Tip: Pair the CCoE with centralized platforms (for consistency and cost control) plus sandbox spaces (to keep innovation fast), and apply least‑privilege access throughout.

See: Building a Center of Excellence for AI: A Strategic Roadmap for Enterprise Adoption.

The AI-native web: NLWeb, llms.txt, and semantic search

AI is changing how we navigate websites and data. Instead of clicking through menus and forms, we’ll increasingly describe what we want in natural language. Sites and apps will respond by resolving intent, pulling the right data, and assembling answers with sources. Three related ideas are emerging that make this possible:

Semantic search (and why it matters)

Traditional search matches exact words. Semantic search matches meaning using embeddings (numeric representations of text, images, or other data). This lets users ask questions in their own words and still find the right content. In practice, semantic search powers Retrieval‑Augmented Generation (RAG), site search that understands synonyms and context, and cross‑type discovery (e.g., “the video that explains streaming tokens”).

NLWeb (natural-language web)

NLWeb refers to patterns that make the web conversational by default. Pages expose capabilities (search, lookup, actions) as structured affordances that AI agents can call. Content is organized as artifacts with clear identifiers and metadata. Users ask for outcomes (“Find the latest pricing and compare to last quarter”), and the site resolves the request through tools and data rather than forcing step‑by‑step navigation.

What changes:

Interfaces become intent‑first rather than page‑first
Sites describe actions and data in machine‑readable ways so agents can help
Results include sources, links, and artifacts you can reuse
NLWeb becomes to MCP/A2A what HTML is to HTTP - the semantic layer for agent-web communication

Implementation Details: NLWeb is an open-source framework that simplifies building conversational interfaces for websites. It natively supports MCP (Model Context Protocol) and leverages Schema.org and RSS formats used by over 100 million websites. The GitHub repository provides a Python implementation with comprehensive documentation, featuring REST API protocols, LLM connectors, and support for major vector stores (Qdrant, Azure AI Search, Elasticsearch, Postgres).

llms.txt

Like robots.txt for crawlers, llms.txt is a simple convention that tells AI systems how to use your content. You publish a text or markdown file at a predictable path with guidance for large language models: what content is allowed, preferred source files, update cadence, and licensing. This helps AI systems find authoritative content and respect usage rules.

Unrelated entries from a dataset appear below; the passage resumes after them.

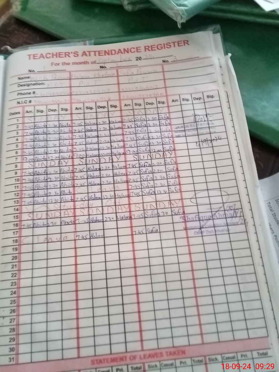 | Name: Ab**** Pe**** Designation: (School Headmaster's/Headmistress's) PST Phone/Cell Number: 03**** |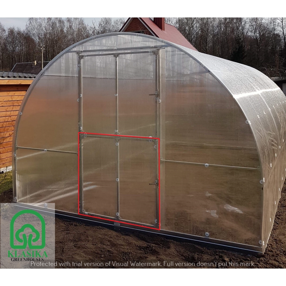 *Komplektuojant papildomas duris šiltnamiui KLASIKA TUBE, šiltnamio pirkimo metu, rinktis dangos storio nereikia. Pasirinkite, jog papildomos durys šiltnamio gale būtų „BE DANGOS”, nes papildomoms durims dangą išsipjausite iš polikarbonato lakštų pateiktų kartu su šiltnamiu.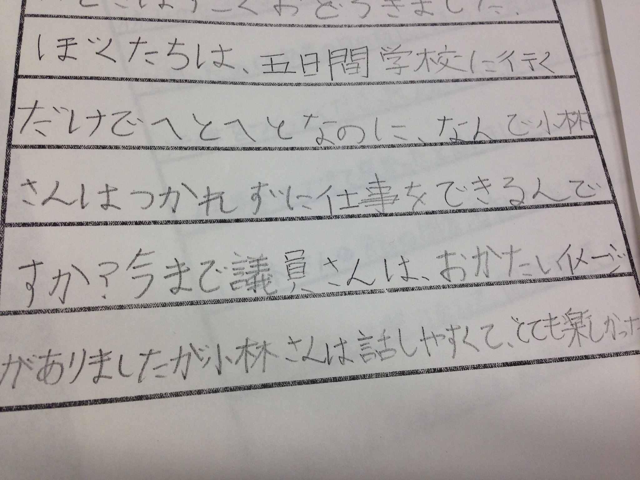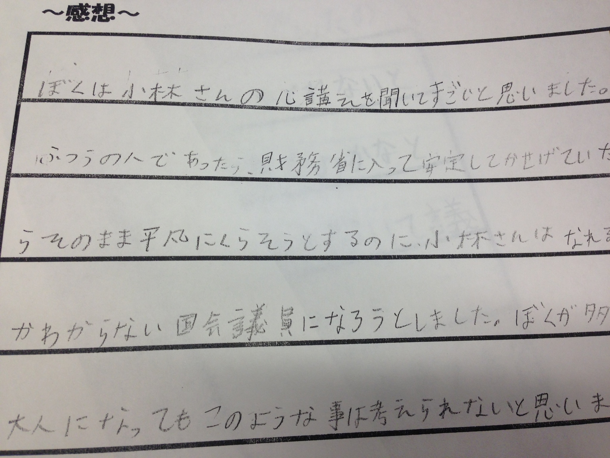 「ぼくは小林さんの心構えを聞いてすごいと思いました。ふつうの人であったら財務省に入って安定してかせげていたらそのまま平凡にくらそうとするのに小林さんはなれるかわからない国会議員になろうとしました。(中略)多分ぼくだったら安全に楽しくすごして、楽にすごすと思います。でも今日小林さんのお話を聞いて、安定だけを求めても楽しくなさそうだと思いました。これからは色々な事にチャレンジして、最高の仕事を見つけていきたいと思いました。

Spec and guidance: llms.txt
Example: GoFastMCP llms.txt

The bottom line: AI turns websites and data stores into conversational surfaces. By adding llms.txt, semantic search, and you make your content discoverable to both people and agents and easier to cite and reuse.

Inspiration

What can you actually build with AI? Beyond the corporate feature lists, here’s what developers are creating right now, and what you could build next.

Where You Find AI Today

AI isn’t just in dedicated “AI apps.” It’s embedded everywhere you already work and live. Understanding where AI appears helps you recognize opportunities to leverage it in your own projects.

In Your Development Workflow Your code editor probably already has AI. GitHub Copilot suggests code as you type. Chat interfaces help debug problems. Your pull requests get AI-generated summaries. Testing tools create test cases automatically. This isn’t the future. It’s happening now in your IDE.

In Everyday Software Your email client drafts responses. Your browser summarizes articles. Your phone transcribes voicemails. Your photo app organizes pictures by faces and locations. Your music app creates playlists based on your mood. Each of these started as separate AI research projects that became invisible features.

In Business Applications CRM systems score leads automatically. Accounting software categorizes expenses. Project management tools estimate completion times. HR platforms screen resumes. Customer service platforms route inquiries. The AI runs in the background, making existing workflows smarter.

Behind the Scenes Search engines understand natural language queries. Translation services work in real-time. Navigation apps predict traffic patterns. Streaming services recommend content. Social media platforms detect harmful content. E-commerce sites personalize shopping experiences. The AI infrastructure is invisible but essential.

What This Means for Builders AI success comes from integration, not replacement. The most useful AI applications enhance existing workflows rather than creating entirely new ones. People don’t want to “use AI.” They want to accomplish their goals faster and better.

Start Where You Are Look at repetitive tasks in your current work. What takes time but doesn’t require creativity? What patterns could be automated? What decisions could be supported with better data? These are your AI opportunities.

More information:

Real Projects You Can Build Today

AI shows up across the stack even when you don’t open a “chat” app:

Build Your Own Satellite Ground Station Want to track satellites and receive data from space? AI can help you process satellite telemetry, predict orbital paths, and analyze space weather data. From Space to Subsurface: Predicting Gold Zones with Azure AI and Machine Learning shows you exactly how to get started.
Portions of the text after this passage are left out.